Stone, Keith A
Cambridge: Harvard University Press, 2016
Find the review by Don C. Benjamin in the RBL 12/2017 that reads in part:
“Stone explains how his work with performance criticism contrasts with previous scholarship on the genre of the Song of Moses (Deut 32:1–43). … he argues that the intention of performances in Mediterranean cultures is not simply to remind actors and audiences of something that happened in the past but to allow actors and their audiences to participate in the experiences they recount—creating and re-creating their cultural identity…”
“Stone’s creative use of theater studies to better understand Deuteronomy prompted me to think of some unexplored aspects of performance criticism as well as research in other disciplines…”
“In Singing Moses’s Song: A Performance-Critical Analysis of Deuteronomy’s Song of Moses, Stone offers a refreshingly [sic.] look at aspects of just how storytelling functions in ancient Mediterranean cultures. Performance criticism places a clear emphasis on biblical traditions as oral, rather than written…”

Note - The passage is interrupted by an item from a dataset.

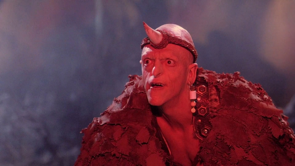 Grimaçant et grognant comme des gorilles bourrés à la bière, les deux bestiaux font les imbéciles avec un tel naturel que ça en devient troublant… et de fait ils ne composaient absolument pas, puisque Deodato repensa tout le film en fonction de leur vraie personnalité, transformant ce qui devait être une heroic-fantasy sérieuse en semi-parodie. Je dis semi-parodie, car la partie « aventure » est censée être sérieuse… et c'est là que le bât blesse, car le ratage est ici total, sauf à se baser intégralement sur le quotient nanar de la chose. Pas une situation, pas un costume, pas un acteur, pas une note de musique (Mon Dieu ! Cette bande-son…) qui n'échappe au ridicule le plus réjouissant.

Description: How does performing affect those who perform? Starting from observation of the intergenerational tradition of performing the Song of Moses (Deuteronomy 32.1–43), Keith Stone explores ways in which the Song contributes to Deuteronomy’s educational program through the dynamics of reenactment that operate in traditions of performance. Performers of the Song are transformed as they reenact not only characters within the Song but also those who came before them in the history of the Song’s performance―particularly YHWH and Moses, whom Deuteronomy depicts as that tradition’s founders. In support of this thesis, Stone provides a close reading of the text of the Song as preserved in Deuteronomy and as informed by the account of its origins and subsequent history. He examines how the persona of the performer interacts with these reenacted personas in the moment of performance. He also argues that the various composers of Deuteronomy themselves participated in the tradition of performing the Song, citing examples throughout the book in which certain elements originally found in the Song have been adopted, elaborated, acted out, or simply mimicked.